Ectoine (1,4,5,6-tetrahydro-2-methyl-4-pyrimidinecarboxylic acid) is a natural compound found in several species of bacteria. It is a compatible solute which serves as a protective substance by acting as an osmolyte and thus helps organisms survive extreme osmotic stress. Ectoine is found in high concentrations in halophilic microorganisms and confers resistance towards salt and temperature stress. Ectoine was first identified in the microorganism Ectothiorhodospira halochloris, but has since been found in a wide range of Gram-negative and Gram-positive bacteria. Other species of bacteria in which ectoine was found include:
 Brevibacterium linens
 Halomonas elongata
 Marinococcus halophilus
 Pseudomonas stutzeri
 Halomonas titanicae
 Halorhodospira halophila
 Halomonas ventosae

Biosynthesis 
Ectoine is synthesized in three successive enzymatic reactions starting from aspartic β-semialdehyde.

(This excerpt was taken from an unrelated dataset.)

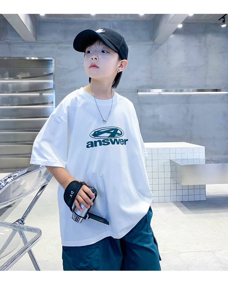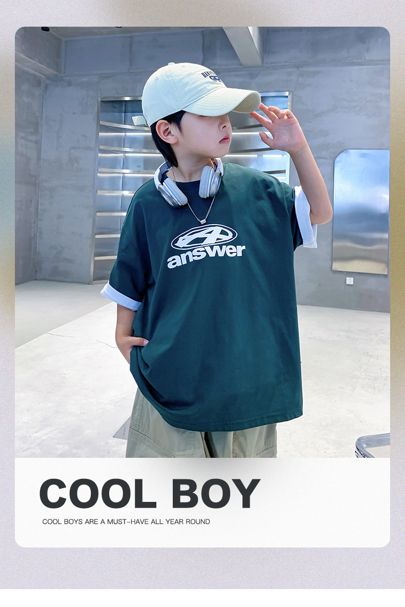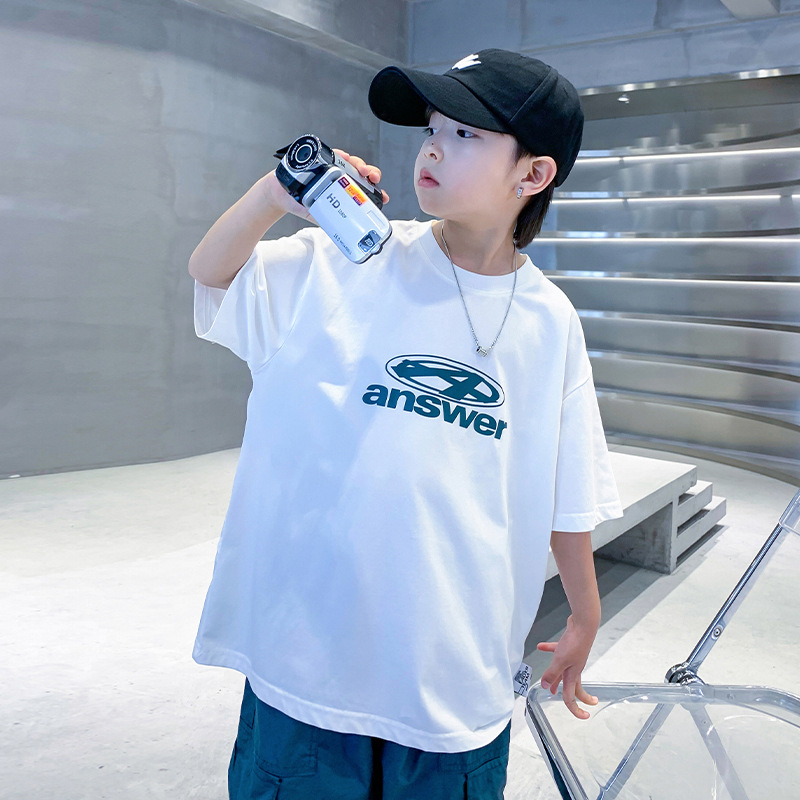 남학생 반팔 티셔츠 여름 2025 년 새 유행 어린이 반소매 중첩 어린이 여름 착용 얇은 느슨한 둥근 목 옷 T스토어 가기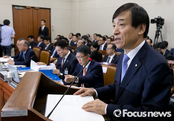 (서울=포커스뉴스) 30일 오전 서울 여의도 국회에서 열린 기획재정위원회 전체회의에 참석한 이주열 한국은행 총재가 업무보고를 하고 있다.

The genes involved in the biosynthesis are called ectA, ectB and ectC, and they encode the enzymes L-2,4-diaminobutyric acid acetyltransferase, L-2,4-diaminobutyric acid transaminase and L-ectoine synthase, respectively.

Use 
Ectoine is used as an active ingredient in skin care and sun protection products. It stabilizes proteins and other cellular structures and protects the skin from stresses like UV irradiation and dryness.